Why are we fighting for the specious rights granted by an outmoded institution? A full 27% of gays voted for McCain in this year’s election.  That’s up from 23% in 2004, the percentage that voted for Bush.  It’s easy to dismiss these Republican-leaning gays as either self-loathing or deluded, but perhaps the numbers ought to […]

Why are we fighting for the specious rights granted by an outmoded institution?

Reclaim the shame

A full 27% of gays voted for McCain in this year’s election.  That’s up from 23% in 2004, the percentage that voted for Bush.  It’s easy to dismiss these Republican-leaning gays as either self-loathing or deluded, but perhaps the numbers ought to make us pause and wonder about the easy distinctions we like to draw between lefty/progressive/liberal gays and the rest of the cruel, conservative world that wants to take our rights away.  And it ought to make us think about the outmoded paradigms of gay organising.

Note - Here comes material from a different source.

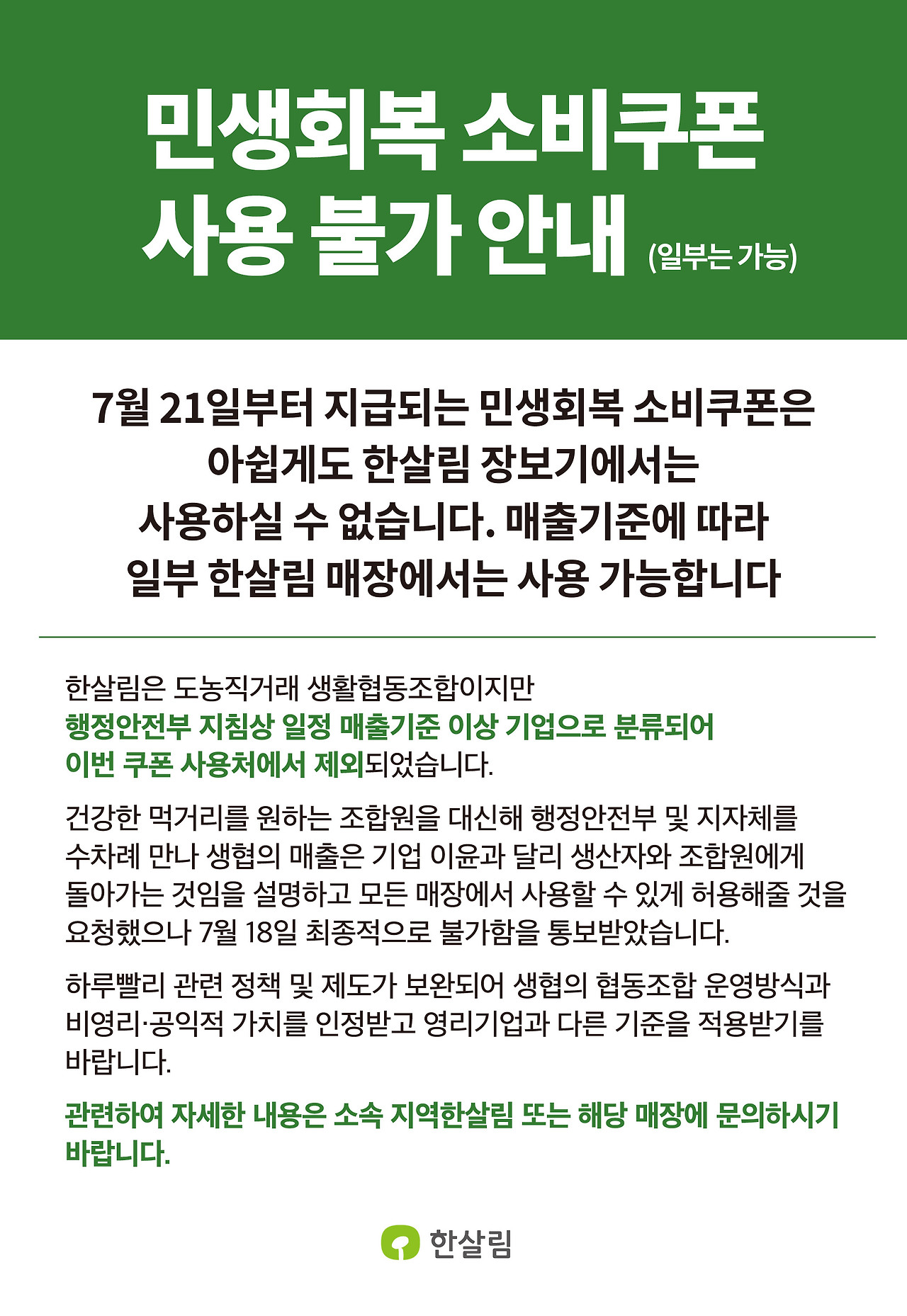 A. 민생회복 소비쿠폰 사용 불가 안내 (일부는 가능) 가까운 한살림 매장에서 확인하세요

Perhaps it’s time for us to openly acknowledge that the queer community is not as progressive as it likes to imagine itself.  More importantly, it’s time to acknowledge that the cause of gay marriage is not radical or progressive but one mired in a conservative philosophy that endows married and coupled people with the kinds of rights that ought to be available for all.  Marriage allows the state to decide what kinds of relations are worthy of recognition, and that recognition is rooted in deeply patriarchal and capitalist ideas about the consolidation of property.

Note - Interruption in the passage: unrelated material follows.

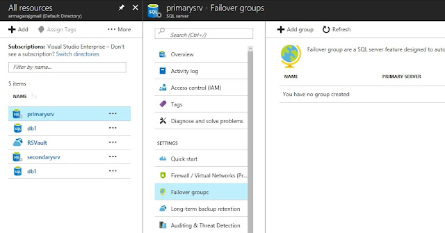 *Β Click on the primary server ( not database ) and select failover groups

I understand the hurt and anger over Prop 8, but I’m not bothered about the measure.  I’m far more concerned about the Arkansas ban on adoption by unmarried couples (and, I imagine, by singles) because that delimits how people, gay or straight, can define the kinship networks they form.  As for the gay marriage fight, it’s been relentlessly fought as a battle against the Right.  This means that we’ve allowed ourselves to be defined by the Right and consequently emerged with a queer agenda that merely replicates the Right’s ideas about what constitutes an ideal world.  But it’s now time to change the paradigms.

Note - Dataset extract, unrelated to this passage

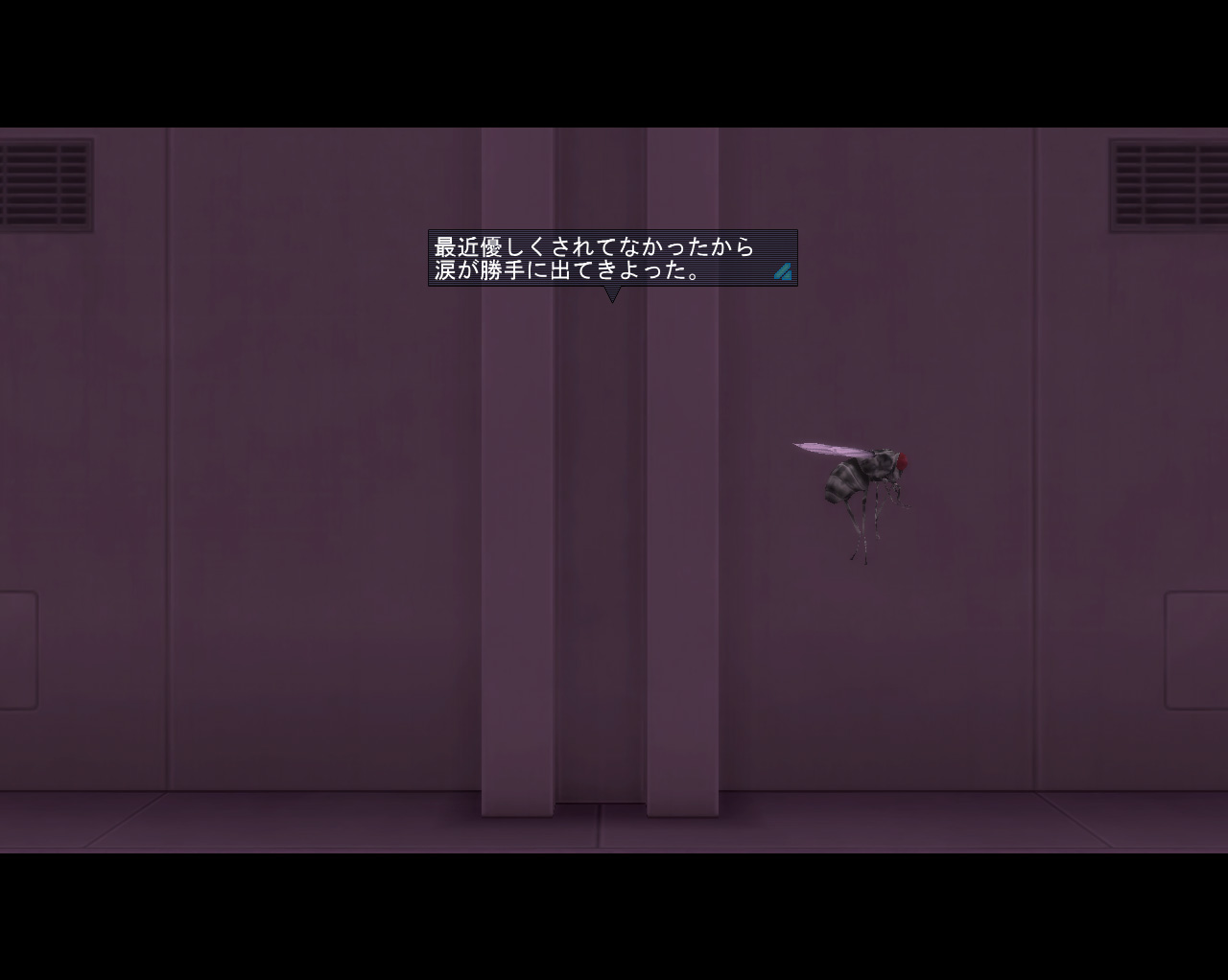 何しろ喋れる蝿と遭遇するなんて初めてのこと。どう対応すれば良いのか,少々考えてみる。つまんでみるか,捕まえてみるか……悩んだ末,撫でてみることにした。なんでそんな行動に出たのか,正直自分でも分からない。恐らく散々歩き回ったせいで脳が疲れていたのだろう。

The pro-gay marriage crowd has long insisted that civil unions and domestic partnerships are less than marriage.  Instead of beating that dead horse, why not strive to make such legal partnerships as good as or better than marriage so that people don’t have to be married in order to keep their children; health care; their property, or have to leave it to the state to decide when they’re legally dead in case of a terminal illness?  Why not fight for ways that people who’re not romantically tied but still close can designate each other as legal caretakers in times of crisis?  At present, that process is legally cumbersome and culturally unacceptable.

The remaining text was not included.